> **WHAT IS EXPECTED**:
Output, exactly as written, the lines below from the one that has "初めは、田んぼの中のヌメヌメした泥の感触を嫌がっていた児童も、" through the one that has "ONU WDS504G-E-R410 spolu"; nothing else, and no pictures.

> **DATA IN THIS EXERCISE**:

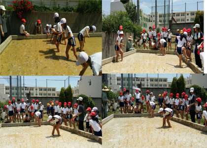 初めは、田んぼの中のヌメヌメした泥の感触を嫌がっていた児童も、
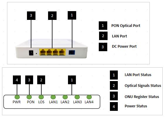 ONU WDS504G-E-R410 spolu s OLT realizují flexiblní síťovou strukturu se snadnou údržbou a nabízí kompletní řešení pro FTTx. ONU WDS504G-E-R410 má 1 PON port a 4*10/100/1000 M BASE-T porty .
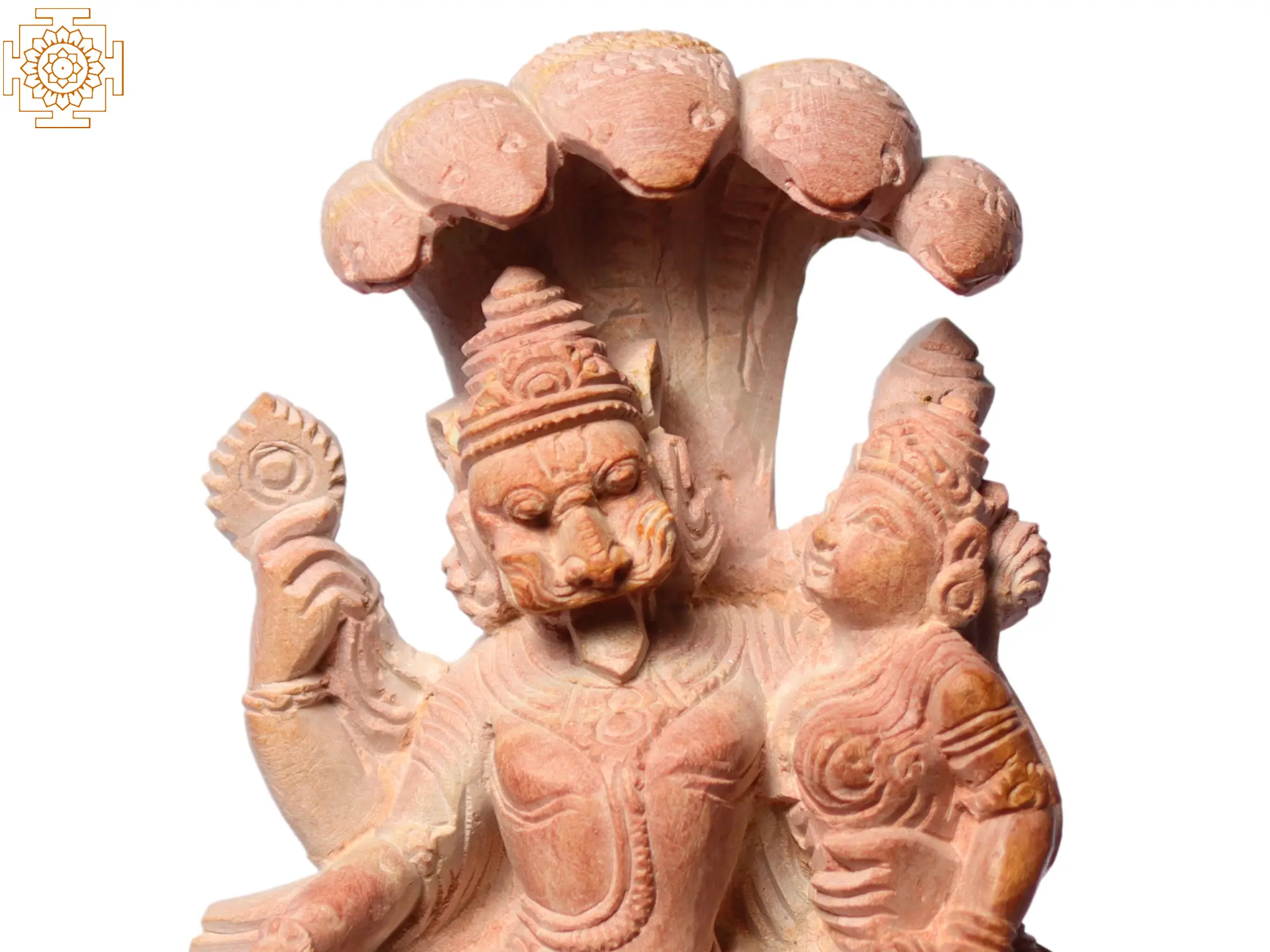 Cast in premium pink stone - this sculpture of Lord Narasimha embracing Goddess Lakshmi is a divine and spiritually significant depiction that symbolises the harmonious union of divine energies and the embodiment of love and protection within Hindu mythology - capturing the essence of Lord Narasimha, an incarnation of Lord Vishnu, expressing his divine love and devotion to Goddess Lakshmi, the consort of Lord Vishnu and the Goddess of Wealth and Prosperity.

* * *

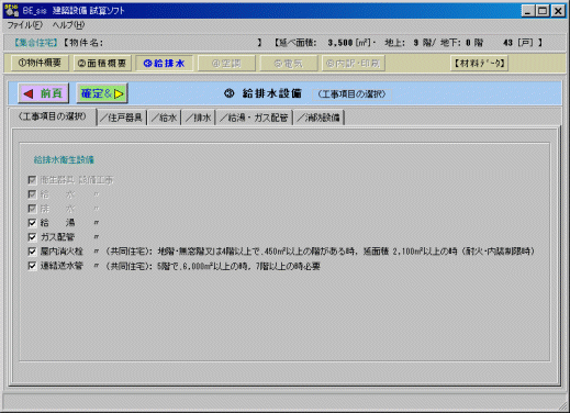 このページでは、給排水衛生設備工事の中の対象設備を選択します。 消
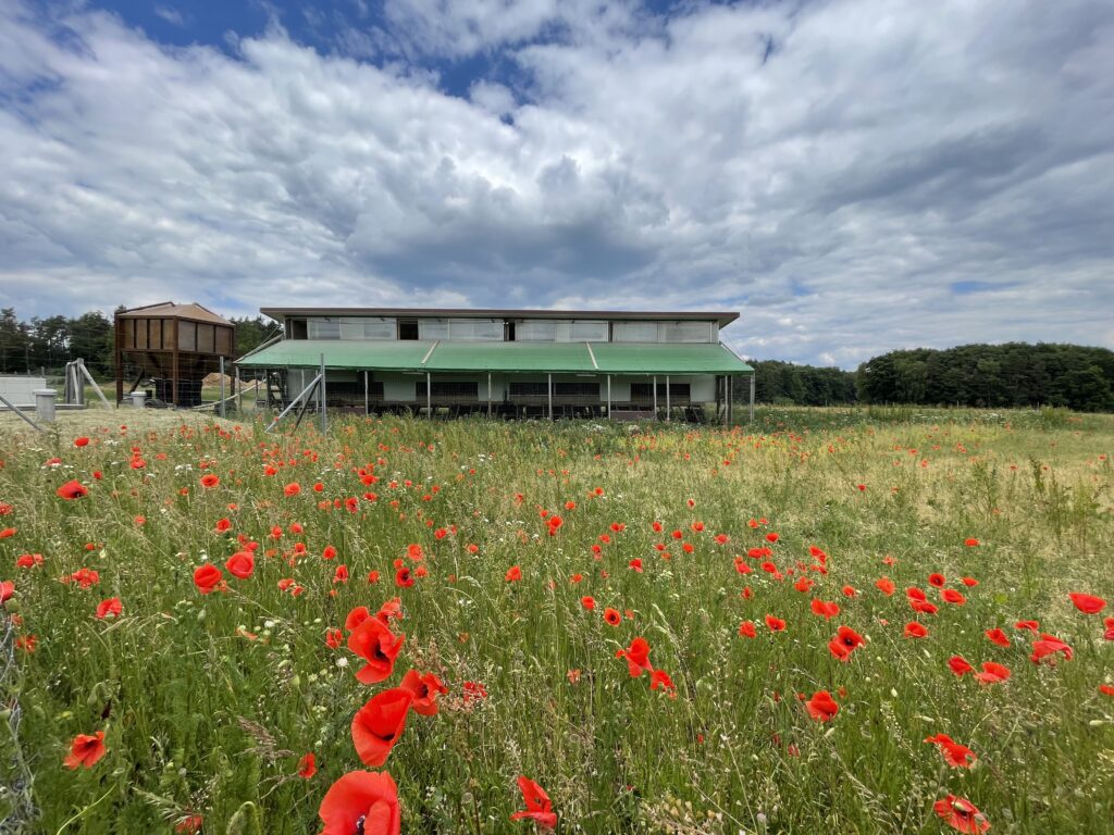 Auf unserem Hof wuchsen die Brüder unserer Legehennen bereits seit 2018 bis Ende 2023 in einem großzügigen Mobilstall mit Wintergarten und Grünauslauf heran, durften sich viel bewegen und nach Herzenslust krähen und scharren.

> **OUTPUT OF THE EXERCISE**:
 初めは、田んぼの中のヌメヌメした泥の感触を嫌がっていた児童も、
 ONU WDS504G-E-R410 spolu s OLT realizují flexiblní síťovou strukturu se snadnou údržbou a nabízí kompletní řešení pro FTTx. ONU WDS504G-E-R410 má 1 PON port a 4*10/100/1000 M BASE-T porty .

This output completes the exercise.